O desafio é saber como isso será, ao final, possível. Os esforços, porém, são intensos. A começar porque há nesta instituição penitenciária um rígido e curioso método na recepção dos caulouros. Porque não se pode revistá-los por muito tempo no momento da caustódia, sob pena de que algum deles tenha o poder sobrenatural de contaminar tudo ao seu redor (e além disso teme-se que sejam os novatos capazes de incitar a fúria dos mais antigos), os que chegaram por último sempre ocupam as primeiras celas, mais pra frente de quem entra. De modo que são alimentados com comida mais fresca. Este esforço em série de realocação para as celas seguintes, necessário de tempos em tempos, faz com que os mais antigos acabem se tornando também os mais pros-fundos.
Pode até não parecer às vezes, mas a rotina diária entre todos eles é até que harmoniosa, embora burocrática, e acredita-se que quando finalmente for possível entender a que classe cada qual dos presos pertence, e estiverem todos acomodados com seus pares, será possível criar pequenas comunidades autogeridas e sustentáveis. Possivelmente os momentos de recreação também se tornem mais fáceis, pois se saberá qual sentinela por em guarda para que não escapem todos juntos nem ateiem fogo no Caustelo inteiro, fazendo dele O Caustelo de Traumas, ou O Caustelo de Ojerizas, ou etc. É pela escrita que eles se banham no sol. Vamos andando, por favor.
Aqui à direita, ainda mais pro começo do corredor, logo após o Classe Média Típico e a Dúvida de Ser ou Não Ser Mãe, há duas celas gêmeas nas quais estão acomodadas as Filípicas. As Filípicas são duas lobismulheres de garras afiadas sempre cuidadosamente pintadas de renda ou, no máximo, uma francesinha. É comum vê-las lendo e comentando com fervor um livro de aventuras sangrentas que sempre carregam debaixo dos braços. Quem as vê de dia imagina que sejam exatamente iguais às mulheres ditas comuns: têm TPM, ambição, vaidades, defeitos, desejos lascivos, invejas grandes e pequenas. Mas elas supõem que são diferenciadas, praticamente uma casta à parte. E em toda lua cheia, e às vezes nem precisa ser lua nem cheia, mudam de forma para a Tá-Amarrado version, quando começa a lhes escorrer uma baba do canto da boca enquanto vociferam sobre o que lhes desagrada e uivam juízos de valor sobre como os outros presos (e principalmente as outras presas), justamente porque não leem o livro de aventuras comum às duas, comportam-se muito mal e elas bem.
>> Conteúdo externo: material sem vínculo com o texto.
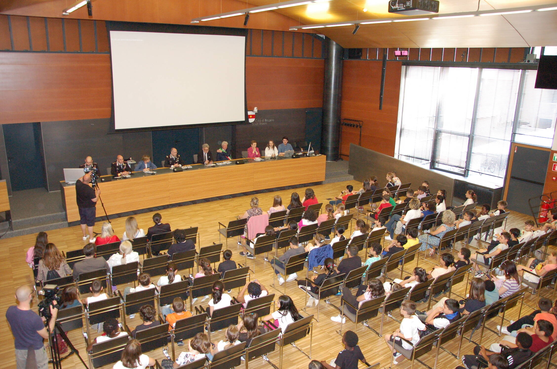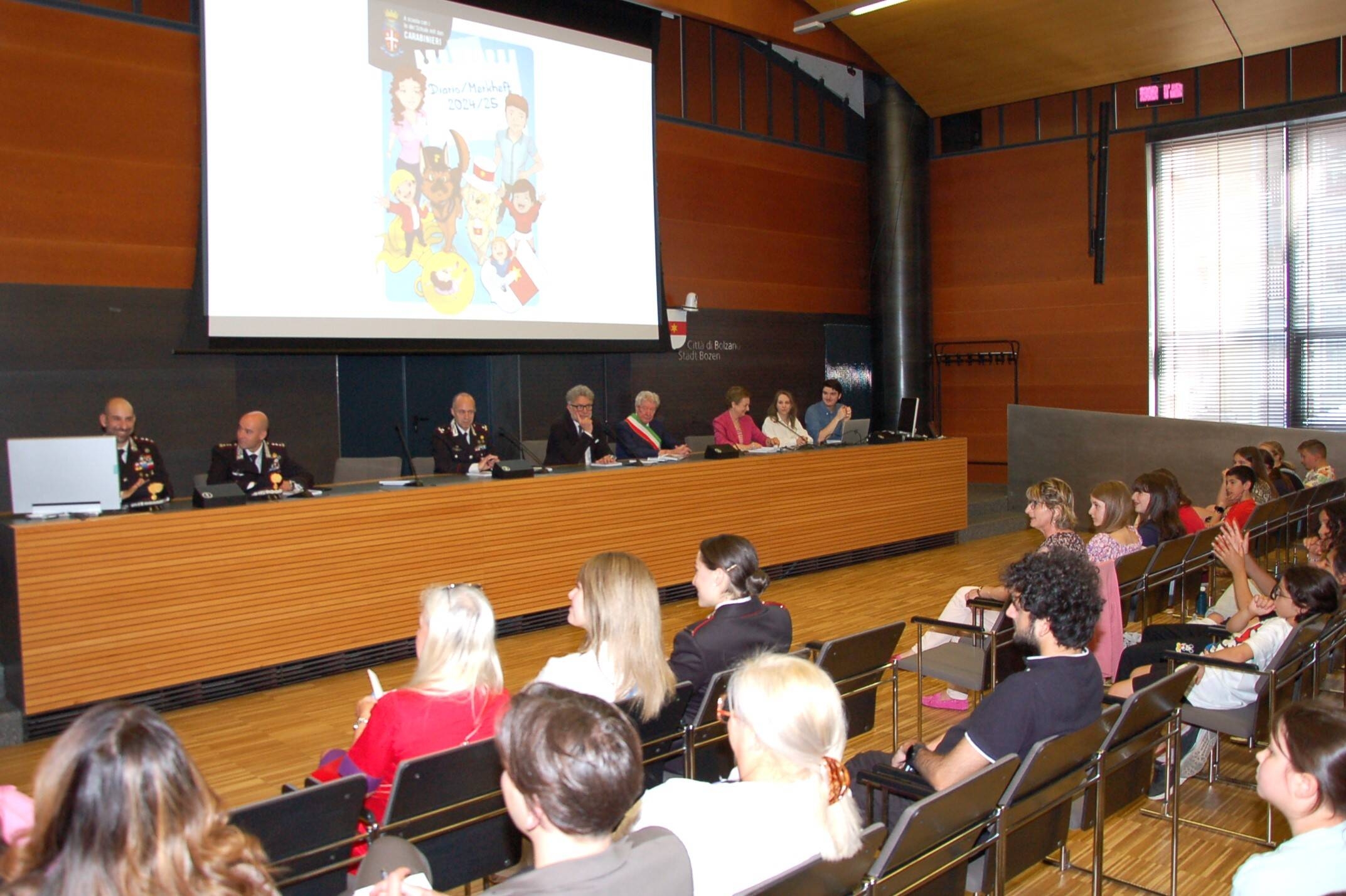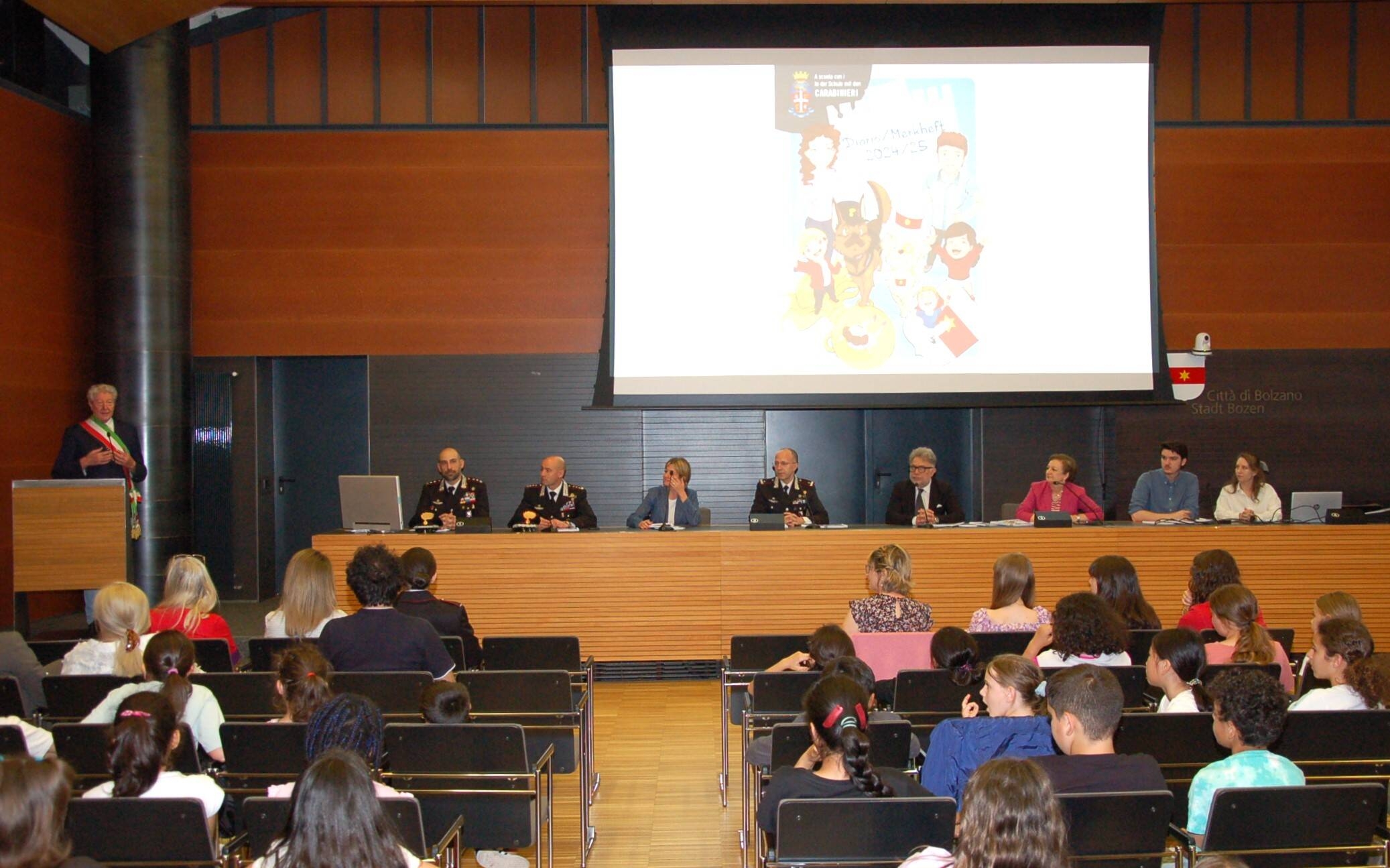 La cerimonia si è svolta alla presenza del Sindaco Renzo Caramaschi, dell'Assessora alla Scuola Johanna Ramoser e del Comandante delle Legione Carabinieri del Trentino Alto Adige Roberto Riccardi. Sono intervenuti anche il Comandante Provinciale dei Carabinieri Raffaele Rivola ed il Comandante della Compagnia Carabinieri di Bolzano Stefano Esposito Vangone. Ringraziamenti sono stati rivolti dal Sindaco e dall'Assessora Ramoser all'Arma dei Carabinieri per la grande disponibilità, l'aiuto, i consigli ed il grande impegno profuso nel progetto. Non da meno le direzioni scolastiche e gli insegnanti che hanno contribuito con passione e professionalità alla realizzazione della pubblicazione. Il plauso più grande è andato comunque agli scolari e agli studenti che anche durante la presentazione in Sala di Rappresentanza hanno dimostrato grande interesse e partecipazione. Il diario "A scuola con i Carabinieri" è stato realizzato dall'Ufficio Scuola e Tempo Libero del Comune diretto da Patrizia Caleffi. Al progetto hanno lavorato gli addetti del Comune Peter Orlando e Lara Valentini, le traduzioni da Claudia Tarfusser, mentre le illustrazioni tematiche sono state curate da Gabriella Degasperi e Simone Gagliardi.
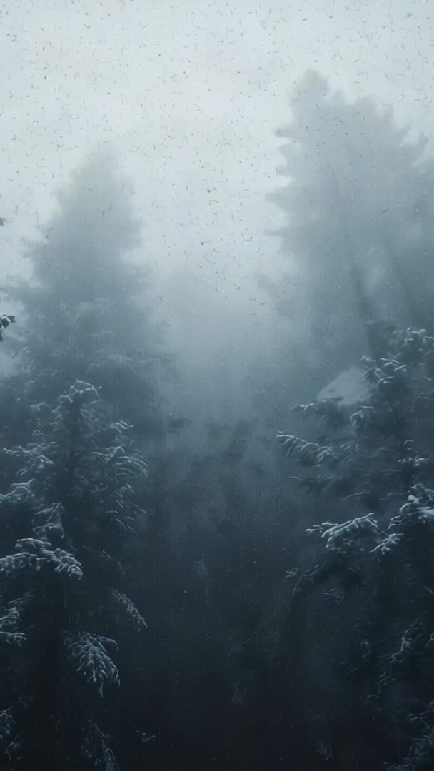 Snowfall Drifting Through Misty Evergreen Forest Vertical Winter Conifer Canopy Video
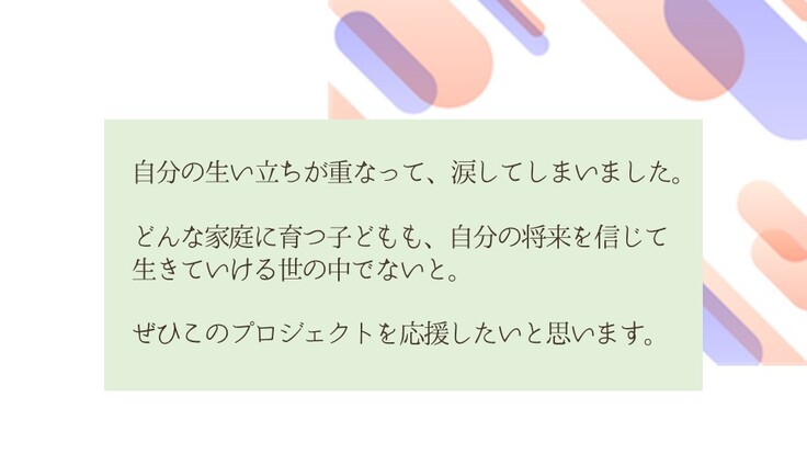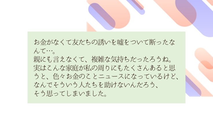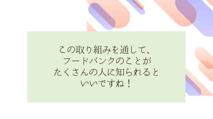 このことを全国に伝え、フードバンク活動の輪を広げるとともに、貧困と孤独に苦しむ子どもたちに知らせたい。

As Filípicas são arquirrivais das Fadas Ceticínicas - mas isso é outra história.
À esquerda, em uma cela ampla e bem iluminada, acomoda-se o Preferidor de Pets. Embora nitidamente bípede, teima em tentar andar com o apoio também das mãos, para simular um trote em quatro patas. Pouco se sabe sobre ele até o momento, além de que é muito verde e nunca teve filhos. Filhote de Figueiredo, ele repete em público que os hábitos, o afeto e até o cheiro de qualquer bicho é melhor do que o dos seres humanos. Em desastres naturais, quaisquer causas de caridade e até para justificar a própria ausência nas atividades comuns, o Preferidor de Pets está sempre pensando primeiro nos animais que estão lá fora, ó, pobres coitados, verbalizando de vez em quando estar incomodado que o Caulabouço não esteja adaptado e equipado para eles.
Na cela seguinte, o Aproveitador. Uma criatura em formato da cara do cara e coroa, inclusos os louros presos aos cabelos, só que inteiro feito de madeira e com marcas de esganação na altura do pescoço, o que faz com que alguns o chamem pelas costas também de Esganado. Talvez o que de mais característico se possa dizer acerca do Aproveitador é que ele não deixa nenhuma oportunidade passar. Se deixar, ele se aproveita - inclusive das coroas. O Aproveitador foi preso aqui porque ele não perdoa um real, mas também não devolve o troco a maior. Em relação a ele não se deve contar com bom senso nem espírito de comunidade. Não reparte nem os cabelos. Sempre que pode, ele aproveita para cobrar de maneira vexatória os seus devedores, exigindo-lhes juros altos e a desgraça pública. Reclama sempre do que lhe dão a menos: pode ser um centavo, uma atenção ou uma ervilha.
Toca a sirene. Fim do passeio. Circulando, deu por hoje.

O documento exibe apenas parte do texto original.